WHAT YOU HAVE TO DO
The lines to copy run from the one containing "design on it. |" to the last line of the entries; output those lines exactly and only them, without pictures.

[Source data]
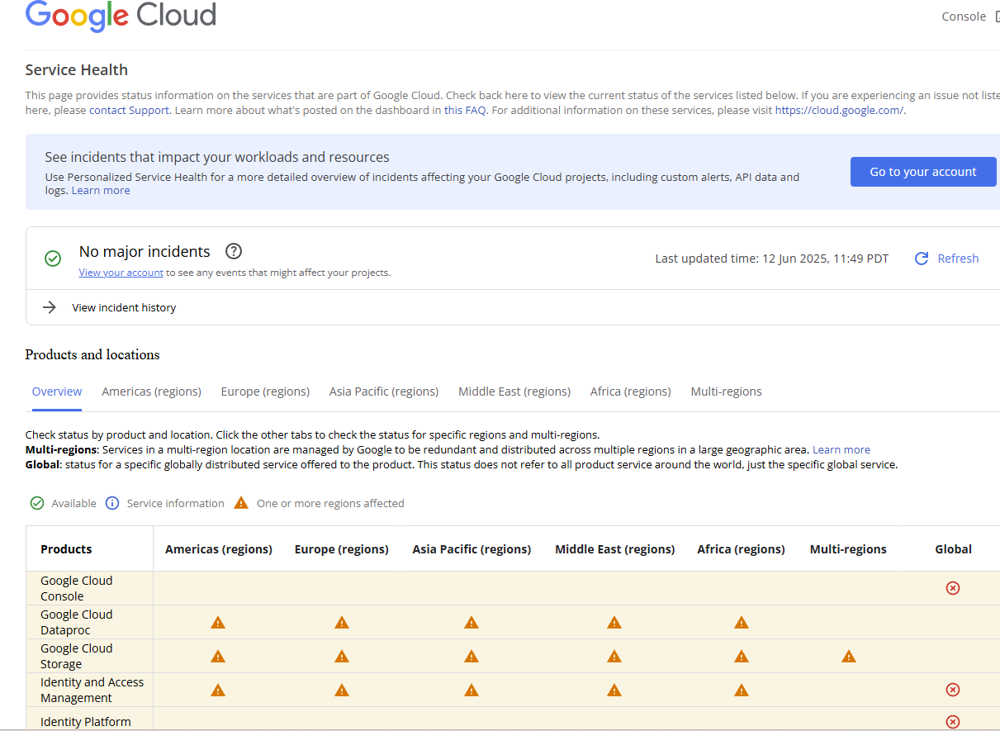 2025年6月12日,Google Cloud發生全球範圍的大規模服務中斷事故,導致旗下多項核心雲端產品,以及依賴其基礎架構的第三方平臺服務出現中斷或錯誤回應。事故自當天上午10點51分起,至下午18點18分結束(均為太平洋時間),持續約7.5小時。
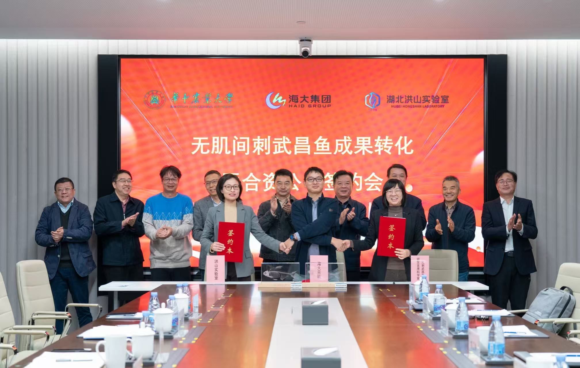 在广东海大集团股份有限公司,开展了座谈交流,并举行了无肌间刺武昌鱼成果转化暨合资公司签约仪式。广东海大集团股份有限公司董事长、总裁薛华介绍了海大集团近年来的发展和与学校、实验室开展合作情况,希望能进一步加强科技、人才合作。
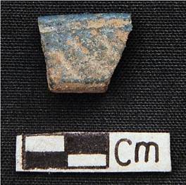 | Description / विवरण | A small broken piece of potsherd having slanted line design on it. |
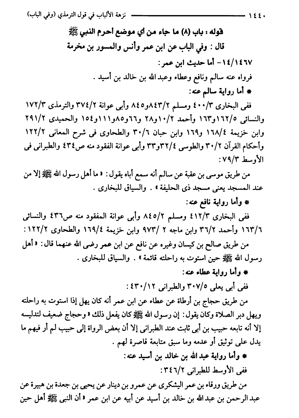من طريق ورقاء بن عمر اليشكرى عن عمرو بن دينار عن يحيى بن جعدة بن هبيرة عن عبد الرحمن بن عبد الله بن خالد بن أسيد عن أبيه عن ابن عمر "أن النبي - صلى الله عليه وسلم - أهل حين
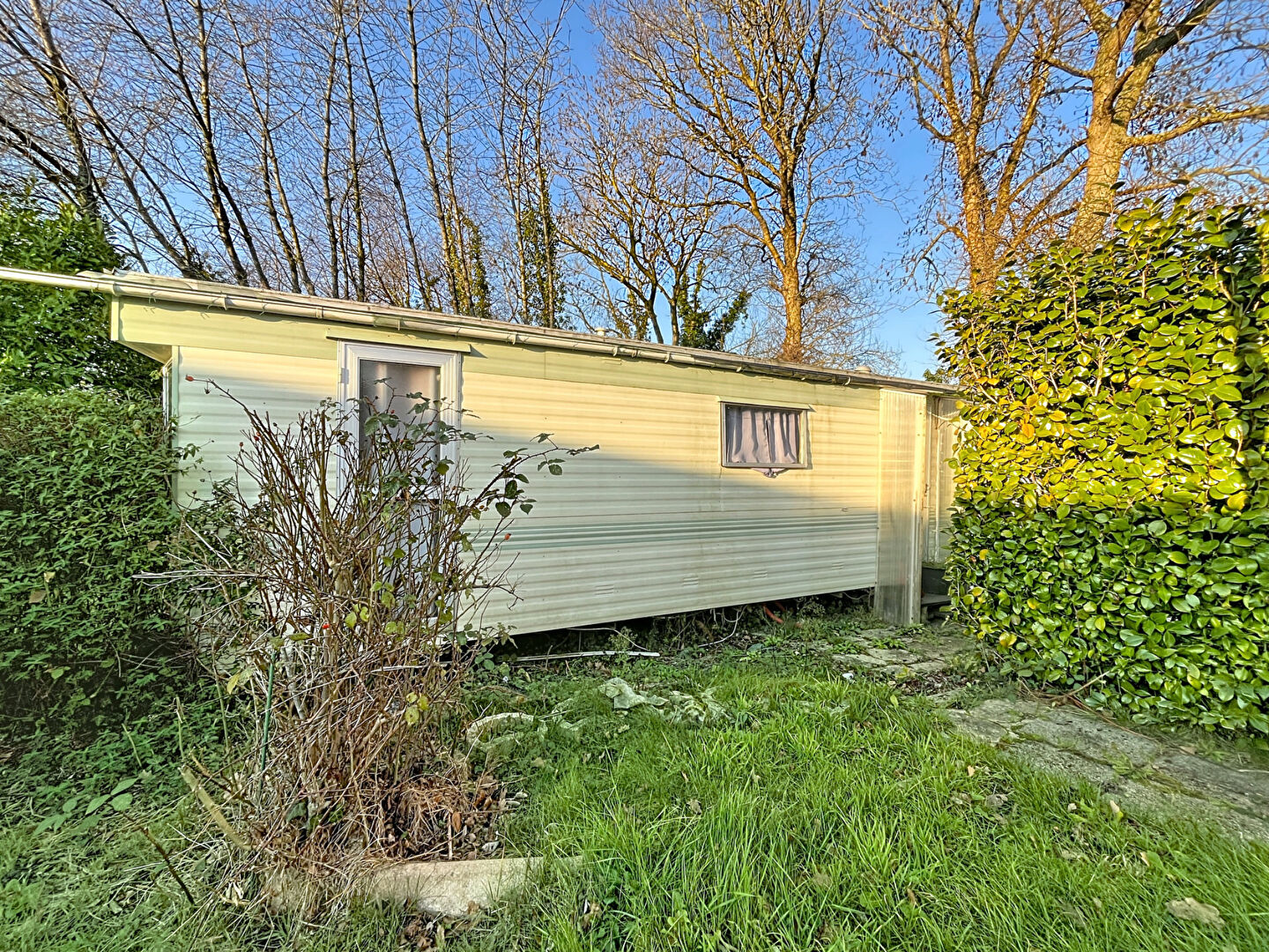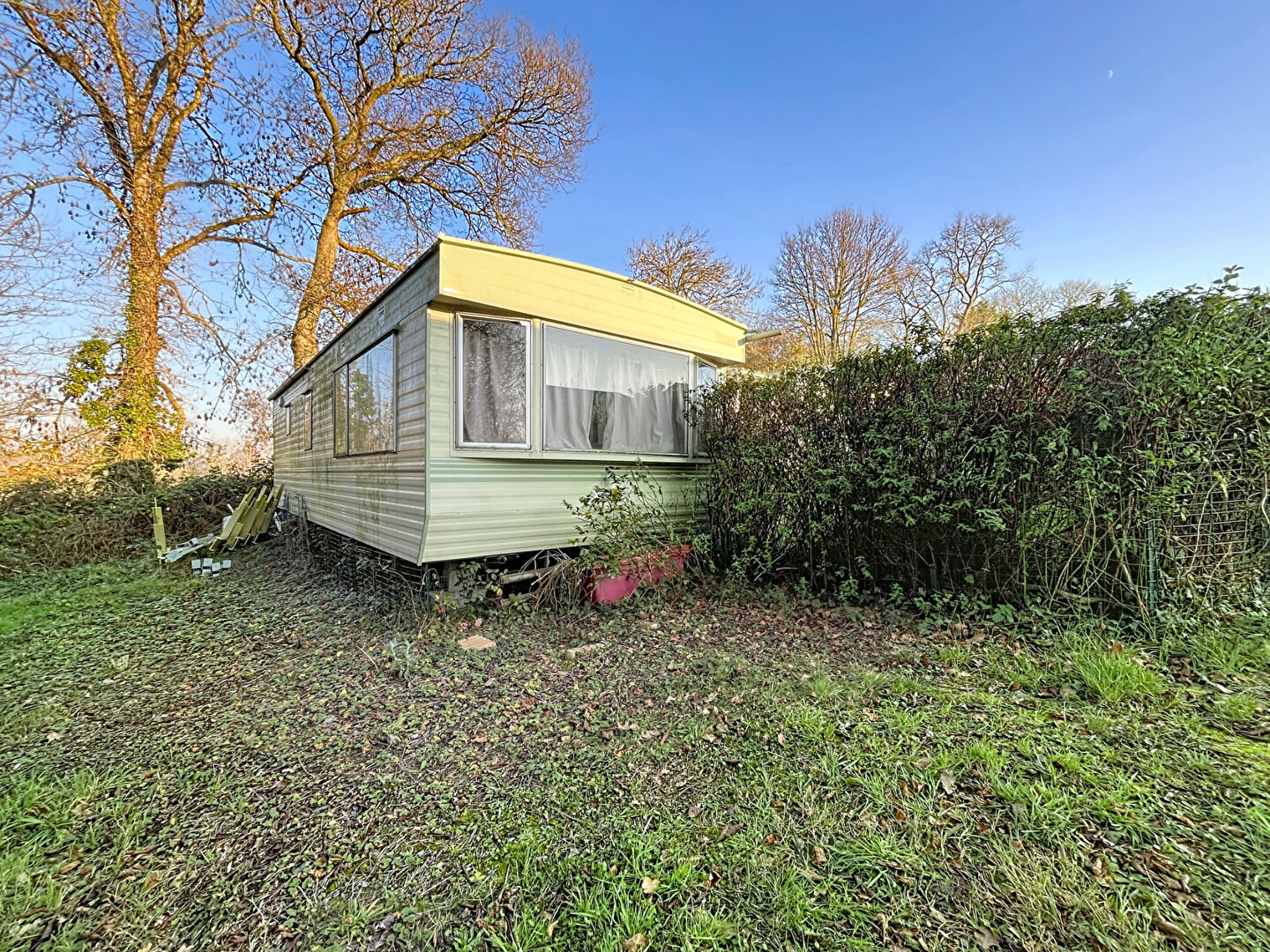 Mobil-home nécessitant une rénovation ou un remplacement.

SOLUTION FOR THIS TASK
 | Description / विवरण | A small broken piece of potsherd having slanted line design on it. |
من طريق ورقاء بن عمر اليشكرى عن عمرو بن دينار عن يحيى بن جعدة بن هبيرة عن عبد الرحمن بن عبد الله بن خالد بن أسيد عن أبيه عن ابن عمر "أن النبي - صلى الله عليه وسلم - أهل حين
 Mobil-home nécessitant une rénovation ou un remplacement.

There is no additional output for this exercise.